Today, on RTE Radio’s This Week programme, Fianna Fail’s TD Billy Kelleher (pictured above) who was a junior minister for trade and commerce between 2009 and when FF lost the February 2011 election, blithely commented that back in 2010 the ECB threatened Ireland that if we didn’t enter a bailout programme, then the ECB would withdraw €100bn of lending to our banks. The podcast of the programme should be available in a couple of hours, but there is little to add, and the former junior minister wasn’t challenged about the remarks by the presenter or by the Fine Gael deputy, Paschal Donohoe.
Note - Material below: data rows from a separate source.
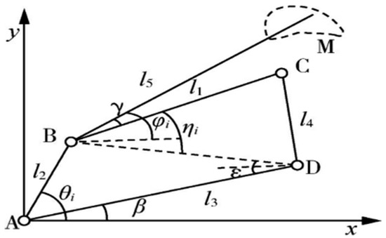 From the geometric relationship shown in Figure 1, it can be seen that when the position of point A is fixed, the trajectory of the point M on the connecting rod BC depends mainly on the length l1–5 of each connecting rod and the angular parameter , where is the initial angle between AB and AD, so the design variable is: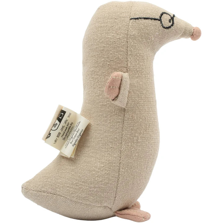 Maak kennis met Marvin de Mol, de wijze en nieuwsgierige mol uit de wereld van Fabelab. Deze zachte rammelaar van biologisch katoen is speciaal ontworpen voor kleine ontdekkers die hun zintuigen willen verkennen. Wanneer je kleintje met Marvin speelt, klinkt er een zacht rammelend geluid gecombineerd met een knisperend effect in zijn lijfje – perfect voor het stimuleren van gehoor en tastzin.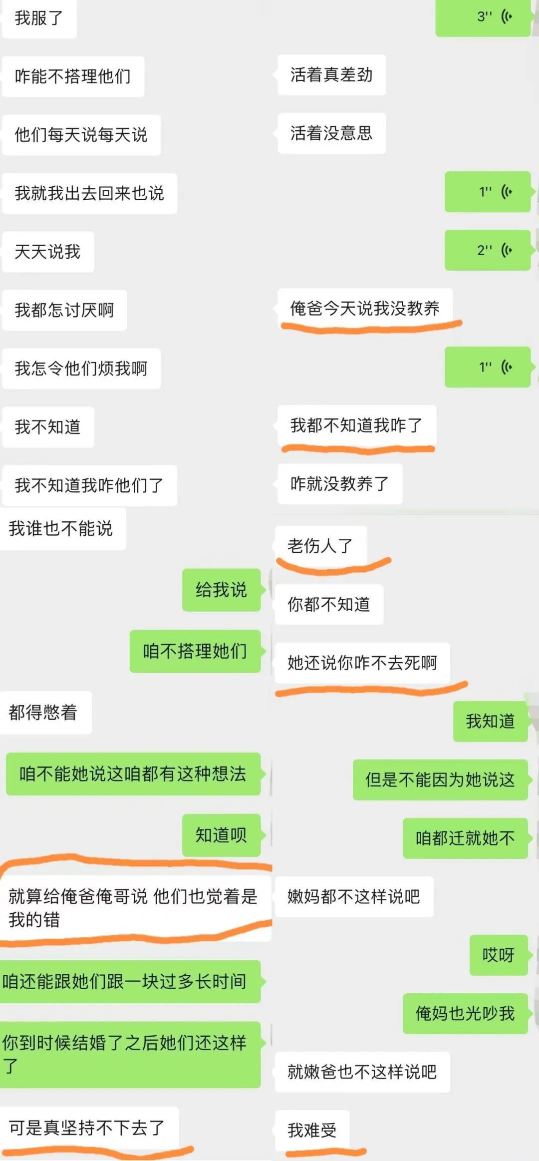 “她的话老狠毒,老伤人了,你都不知道,她说你咋还不去死,恁妈都不这样说,恁爸也不这样说吧。我难受,我谁也不能说都得憋着,就算给俺爸俺哥说,他们也觉得是我的错,可是真坚持不下去了。”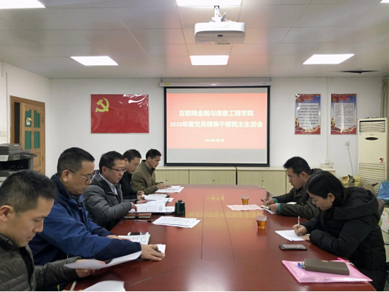 2021年1月7日,互联网金融与信息工程公司党总支在公司会议室召开2020年度党员领导干部民主生活会。校党委委员、组织部长黄培雄、校人事处金英老师莅会指导,公司党总支书记朱小焱、副经理钟雪灵、副经理潘章明、公司党总支副书记丘志君参加了民主生活会,经理吴炎太教授、辅导员王思又列席了会议,会议由朱小焱书记主持。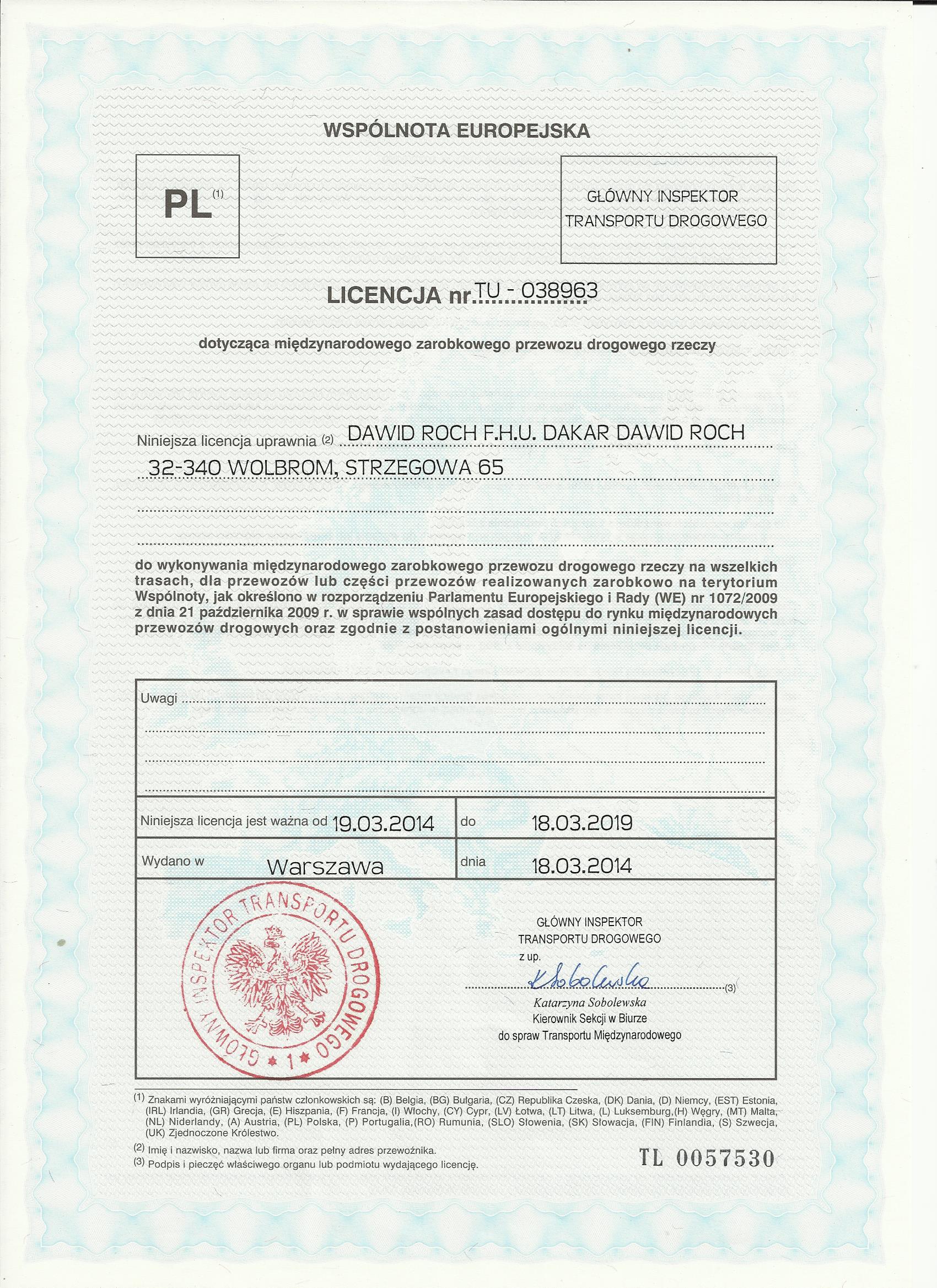 na wykonywanie transportu drogowego

What the former minister stated in a matter-of-fact manner has always been suspected, but the best we could get from current finance minister Michael Noonan was that “a nod is as good as a wink to a blind horse” but even Minister Noonan has been careful to say Ireland was never threatened – “No, no there’s no threat and they never threaten” is what Minister Noonan said in June 2011. Even the plain-speaking and preemptive governor of the Central Bank of Ireland, Patrick Honohan would only refer to the “influence” of the ECB – no suggestion of any threat from Governor Honohan either. Even the Dan O’Brien “the Bailout Boys go to Dublin”, the 28-minute radio programme for BBC Radio 4 available here from Youtube, doesn’t capture the explicit threat by the ECB and indeed the ECB representative to Ireland’s bailout Klaus Masuch, whom Vincent Browne monstered at that Troika news conference last year, asserts it was Ireland that made the bailout choice and there was no pressure from the ECB.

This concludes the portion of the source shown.